I resisted the urge to roll my eyes. “No, it won’t feel good. You won’t feel anything at all. Just come here.”

He stood in front of me and I placed my hands on either side of his head. “Close your eyes,” I told him.

He closed them, but not before he gave me a sly wink. I needed to get a sense of him, a psychic scent. I didn’t need his eyes closed for that, but looking into those gorgeous aqua eyes would be a distraction I didn’t need. I also didn’t need Talon knowing that I’d be distracted. I closed my own eyes and inhaled with all of my senses. In seconds I had what I needed. Clear and strong, with no Khrysnaniconcocted illusions between me and where I was going.

I opened my eyes and released Talon.

“Gentlemen, let’s go.”

My Plan Bs usually involved thinking fast and moving even faster. When you viewed it like that, everything right now was going perfectly to plan. The remnant Talon had left behind when he was brought up from that cell block was still relatively fresh and I followed it without trouble.

Trouble was what waited ahead for us. Tall, black, soul-slurping trouble.

Rudra Muralin claimed that the spellsingers were going to be fed to the Magh’Sceadu if he didn’t return. I knew for a fact that hadn’t happened yet. I remembered the Khrynsani with Sarad Nukpana last week in Mermeia. The moment the Saghred sucked their leader from the world of the living, every last one of them suddenly remembered somewhere else they had to be. A Khrynsani would take a prisoner; they’d take a life, but individual initiative? Forget it. Those shamans were probably shaking in sheer terror that the moment they fed the spellsingers to the Magh’Sceadu, Rudra Muralin would come waltzing back into that cell block. No one wanted to risk making a decision and taking the flack for any resulting screwups. It was the same in any organization, be it business, government, or a military brotherhood of sadistic goblins—everyone wants to take credit; no one lines up for blame.

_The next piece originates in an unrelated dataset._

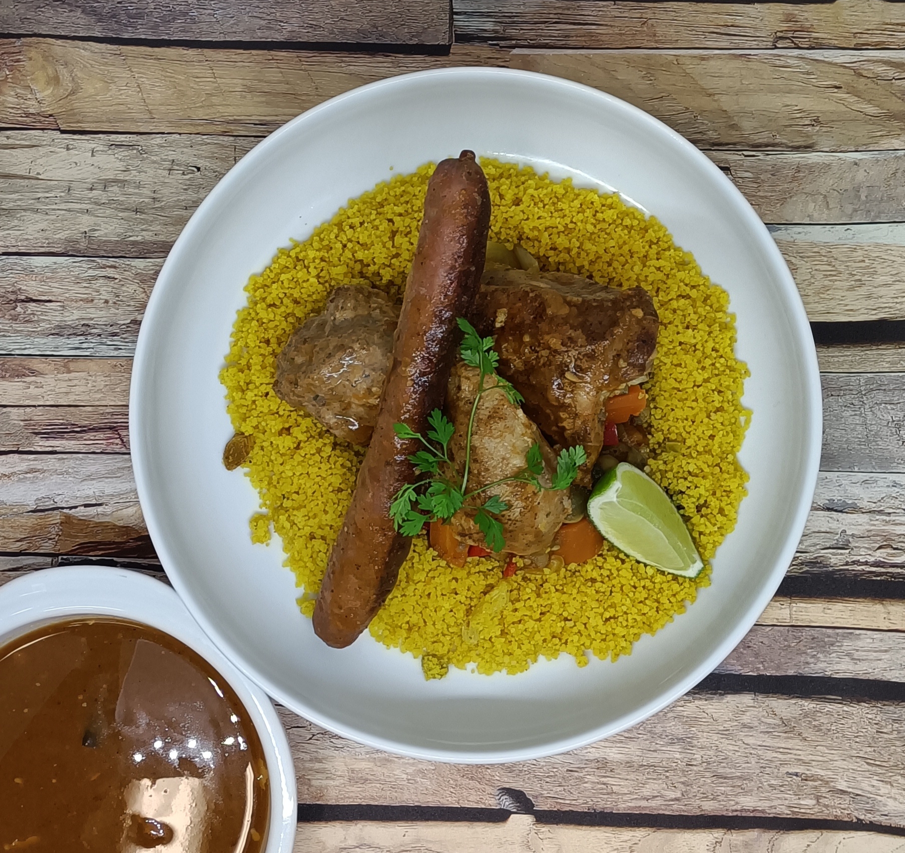 Composition : cuisse de poulet, merguez, kefta, poivrons rouges verts et jaunes, courgettes, carottes, aubergines , oignons, célerie branche, navet, célerie rave, épices à couscous, concentré de tomates, harissa, pois chiches, sel et poivre et huile d’olives;
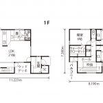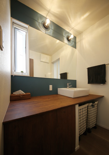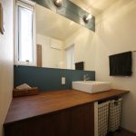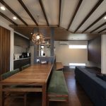 化粧梁をあしらって解放感を出したLDK、照明や色にこだわったダイニングキッチン、キッチンカウンターにはブロック風のクロスをチョイスして、ブルックリンスタイルのカフェ風に仕上がりました。 キッチン裏にある水まわりを一直線にまとめて家事動線もよく考えられています。

Those spellsingers were still alive. I knew it.

I also knew there were Magh’Sceadu down there.

Last week, I’d used the Saghred’s power to destroy six of them. But that was when I’d worn the Saghred’s amulet around my neck. It was a beacon my father had had made nearly nine hundred years ago to let him guard the Saghred from a safe distance.

When the Saghred had helped me destroy those Magh’Sceadu, it was still imprisoned in the vault where my father had hidden it. The Saghred had wanted me to find it, and I couldn’t very well do that if the Magh’Sceadu had slurped me up. The Saghred had a vested interest in helping me then. Would it help me now? I snorted silently. No way. To the Saghred, those Magh’Sceadu and the shamans that controlled them were waiters about to serve it the biggest meal it’d had in centuries.

And Piaras and I were walking right into the middle of it.

I’d wanted him to stay near the back of our group, protected along with Talon, but Piaras had refused.

Yesterday, Ronan Cayle had worked with Piaras on his repelling spellsongs, using mirage Magh’Sceadu as subjects. Piaras had been given five chances to stop them. He’d failed all five times. He knew that and he still wanted to be on the front line with me.

And I’d said yes.

I was either leading Piaras to what had to be one of the worst deaths imaginable, or he was going to be our best hope of stopping those Magh’Sceadu. Piaras was scared, but he was determined. And since chances weren’t all that great that we were going to make it out of these tunnels alive, I owed it to him to let him choose for himself how he was going out.